The U.S. Securities and Exchange Commission has adopted a new rule that will place certain restrictions on short selling when a stock is undergoing a heavy sell off, the regulator said Wendesday.

The so-called “alternative uptick rule” is designed to trigger a circuit breaker, which restricts short selling from driving down the price of a stock that has dropped more than 10% in one day. At that point, short selling would be permitted if the price of the security is above the current national best bid. Once the circuit breaker has been triggered, the alternative uptick rule would apply to short sale orders in that security for the remainder of the day as well as the following day.
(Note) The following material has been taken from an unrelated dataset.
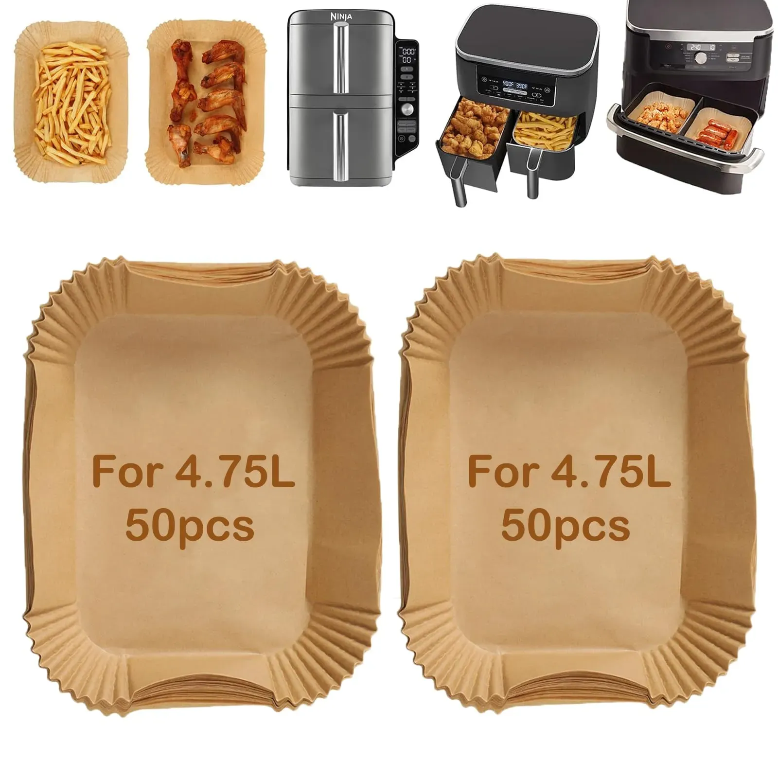 Verfügbarkeit: Auf Lager - Kategorie: Fritteusen - baketron - ÂBackpapier Airfryer für NINJA DUALDie Größe der heißluftfritteuse backpapier für Ninja beträgt 14 cm * 22 cm * 4,5 cm. Besonders geeignet für Ninja Foodi Dual Zone AF300EU/AF400EU Heißluftfritteuse/Ninja Double Stack XL 9.5L SL400EU. Ein Must-Have Air Fryer Zubehör für Ninja Dua. Â100% Gesund und LebensmittelechtUnsere Airfryer-Backpapiere bestehen aus natürlichem Zellstoff und sind mit einer lebensmittelechten Beschichtung versehen. Sie sind frei von Fluoreszenzmitteln, wasser- und fettbeständig, nicht klebrig, ungebleicht, ungiftig und BPA-frei. Mit unseren Backpapieren können Sie sich bedenkenlos dem gesunden Kochen widmen, ohne sich Gedanken über schädliche Chemikalien machen zu müssen. ÂHitzebeständig & Einfach zu BedienenHitzebeständig bis 232 °C (450 °F), mikrowellen- und ofenfest. Diese antihaftbeschichteten Einweg-Luftfritteusenblätter haben alle eine Schalenform und eine exakte Größe, sie müssen nicht geschnitten oder gefaltet werden. Legen Sie die Einsätze für die Ninja Dual Air Fryer einfach in den Korb und werfen Sie sie nach Gebrauch in einen Mülleimer. Im Vergleich zu Silikon-Luftfritteuseneinlagen sind Luftfritteusen-Papiereinlagen bequemer. ÂHalten Sie Ihre Heißluftfritteuse SauberHeißluftfritteuse backpapier öl- und wasserbeständig, 4,5 cm hoher Rand, es kann Ihre Luftfritteuse effektiv vor Fett und Lebensmittelrückständen schützen, werfen Sie einfach das ... ![]() ![]() 100x Backpapier - für Ninja eBay SL400EUDouble Stack XL 9.5L Heißluftfritteuse Zubehör

“The rule is designed to preserve investor confidence and promote market efficiency, recognizing short selling can potentially have both a beneficial and a harmful impact on the market,” said SEC chairman, Mary Schapiro.

It is important for the commission and the markets to have in place a measure that creates certainty about how trading restrictions will operate during periods of stress and volatility.”

The Securities Industry and Financial Markets Association expressed skepticism about the rule’s likely effectiveness.

“While the alternative uptick rule approach the SEC has adopted today is perhaps less disruptive than others that were considered, we are not convinced that implementation of this rule will provide net benefits to the capital markets and investors,” said Ira Hammerman, senior managing director and general counsel at SIFMA.

“We will continue to work with the commission through the implementation process for this rule, and on other regulatory efforts to ensure appropriate protections for investors with minimal impact on the efficient operations of the capital markets.”

The rule will become effective 60 days after the date of publication of the release in the Federal Register, and then market participants will have six months to comply with the requirements.